* _Exercise instructions_
Retype the listing below line for line, but only from the line with "3月16日晚,人文学院法学专" down to the line with "Vestibule met prachtige", inclusive. Pictures stay out.

* _Data for this exercise_
--- START ---

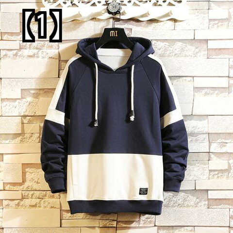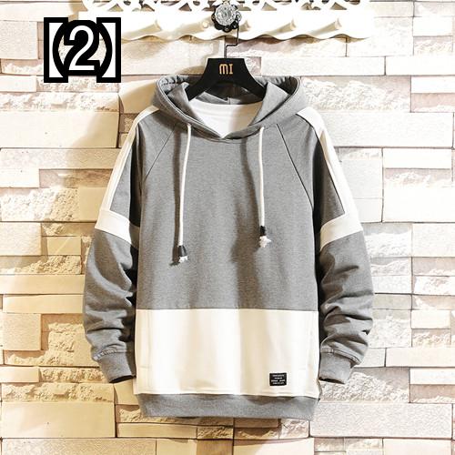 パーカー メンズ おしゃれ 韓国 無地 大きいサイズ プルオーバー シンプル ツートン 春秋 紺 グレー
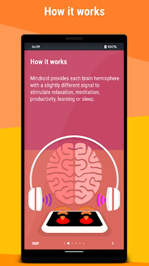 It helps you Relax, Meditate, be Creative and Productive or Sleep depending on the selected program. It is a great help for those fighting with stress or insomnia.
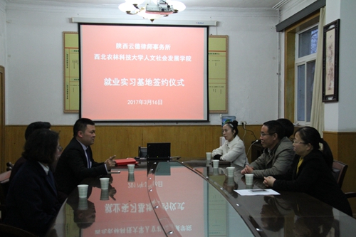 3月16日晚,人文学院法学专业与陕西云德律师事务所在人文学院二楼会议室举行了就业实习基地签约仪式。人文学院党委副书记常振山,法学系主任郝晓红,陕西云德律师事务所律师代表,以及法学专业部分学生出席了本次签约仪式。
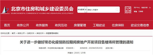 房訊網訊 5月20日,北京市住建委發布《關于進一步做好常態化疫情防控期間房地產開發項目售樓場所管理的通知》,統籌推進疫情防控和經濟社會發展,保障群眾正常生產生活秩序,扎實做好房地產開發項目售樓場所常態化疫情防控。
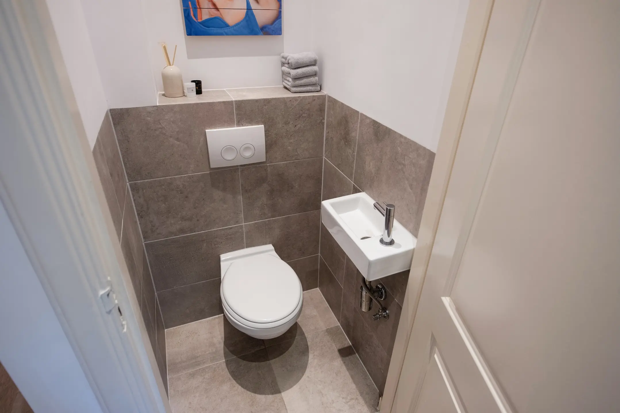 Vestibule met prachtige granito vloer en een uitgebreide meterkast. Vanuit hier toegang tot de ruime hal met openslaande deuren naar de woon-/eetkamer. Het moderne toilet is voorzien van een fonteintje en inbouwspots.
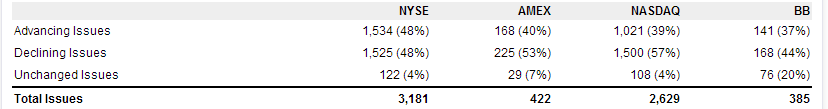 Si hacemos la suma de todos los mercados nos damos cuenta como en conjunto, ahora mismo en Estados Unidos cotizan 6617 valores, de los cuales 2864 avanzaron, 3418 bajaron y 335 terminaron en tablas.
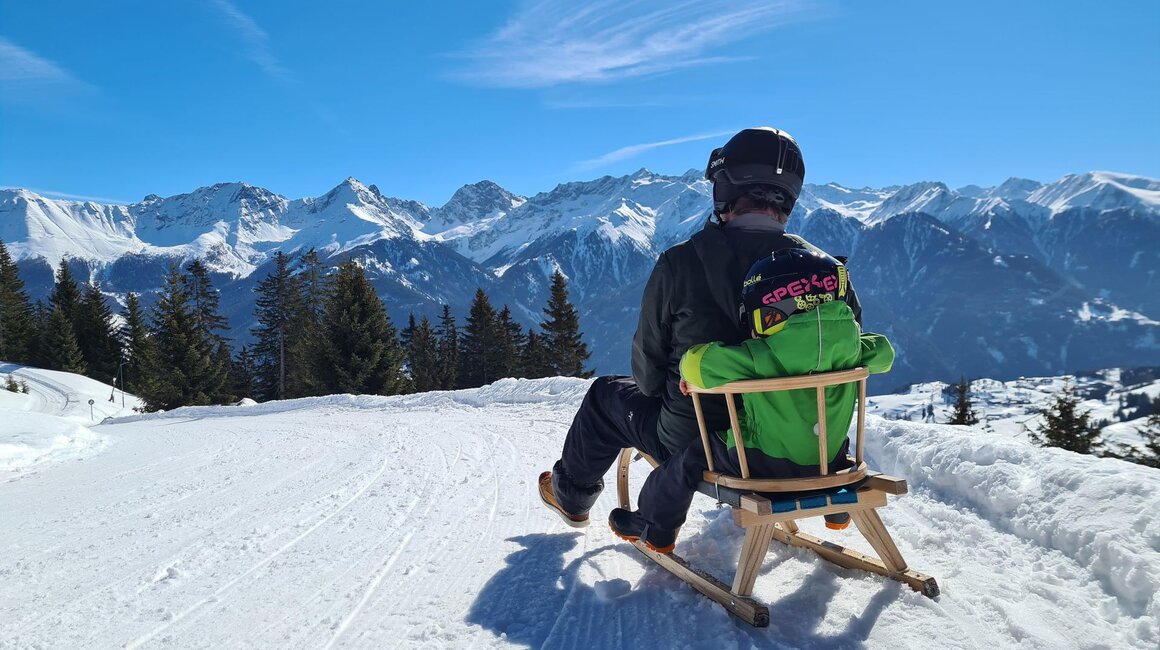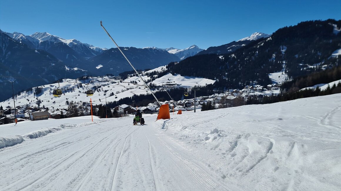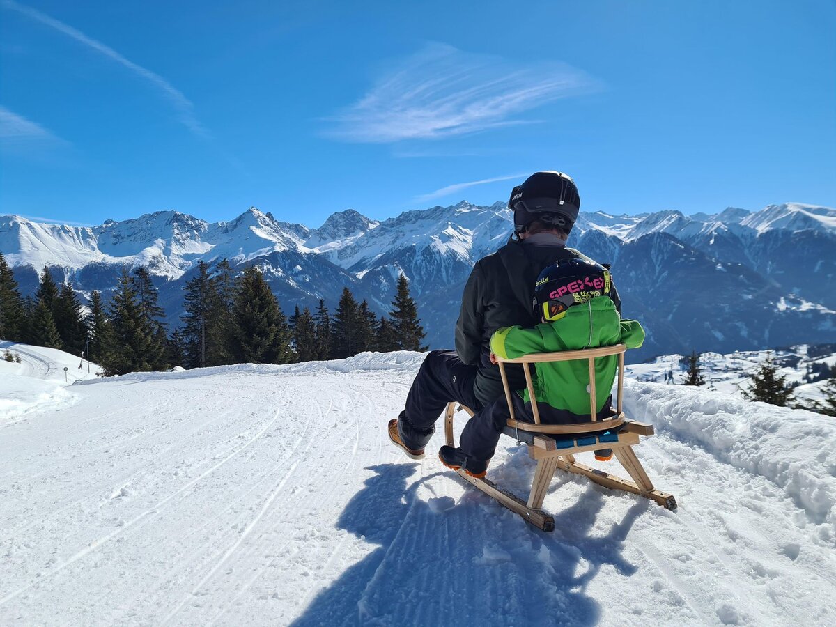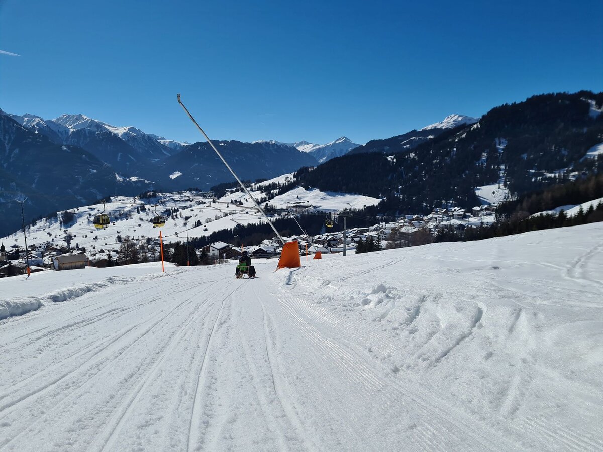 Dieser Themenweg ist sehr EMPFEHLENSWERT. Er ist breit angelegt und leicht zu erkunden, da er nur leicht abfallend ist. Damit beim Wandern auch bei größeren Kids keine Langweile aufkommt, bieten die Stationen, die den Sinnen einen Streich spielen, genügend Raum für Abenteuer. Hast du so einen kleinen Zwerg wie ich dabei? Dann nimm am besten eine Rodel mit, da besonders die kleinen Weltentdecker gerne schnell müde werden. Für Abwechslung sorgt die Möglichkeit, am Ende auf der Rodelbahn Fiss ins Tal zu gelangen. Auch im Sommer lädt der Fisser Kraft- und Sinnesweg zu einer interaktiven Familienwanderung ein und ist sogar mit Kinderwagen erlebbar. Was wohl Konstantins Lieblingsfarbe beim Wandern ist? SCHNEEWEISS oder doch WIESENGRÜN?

--- END ---

* _Final answer_
 3月16日晚,人文学院法学专业与陕西云德律师事务所在人文学院二楼会议室举行了就业实习基地签约仪式。人文学院党委副书记常振山,法学系主任郝晓红,陕西云德律师事务所律师代表,以及法学专业部分学生出席了本次签约仪式。
 房訊網訊 5月20日,北京市住建委發布《關于進一步做好常態化疫情防控期間房地產開發項目售樓場所管理的通知》,統籌推進疫情防控和經濟社會發展,保障群眾正常生產生活秩序,扎實做好房地產開發項目售樓場所常態化疫情防控。
 Vestibule met prachtige granito vloer en een uitgebreide meterkast. Vanuit hier toegang tot de ruime hal met openslaande deuren naar de woon-/eetkamer. Het moderne toilet is voorzien van een fonteintje en inbouwspots.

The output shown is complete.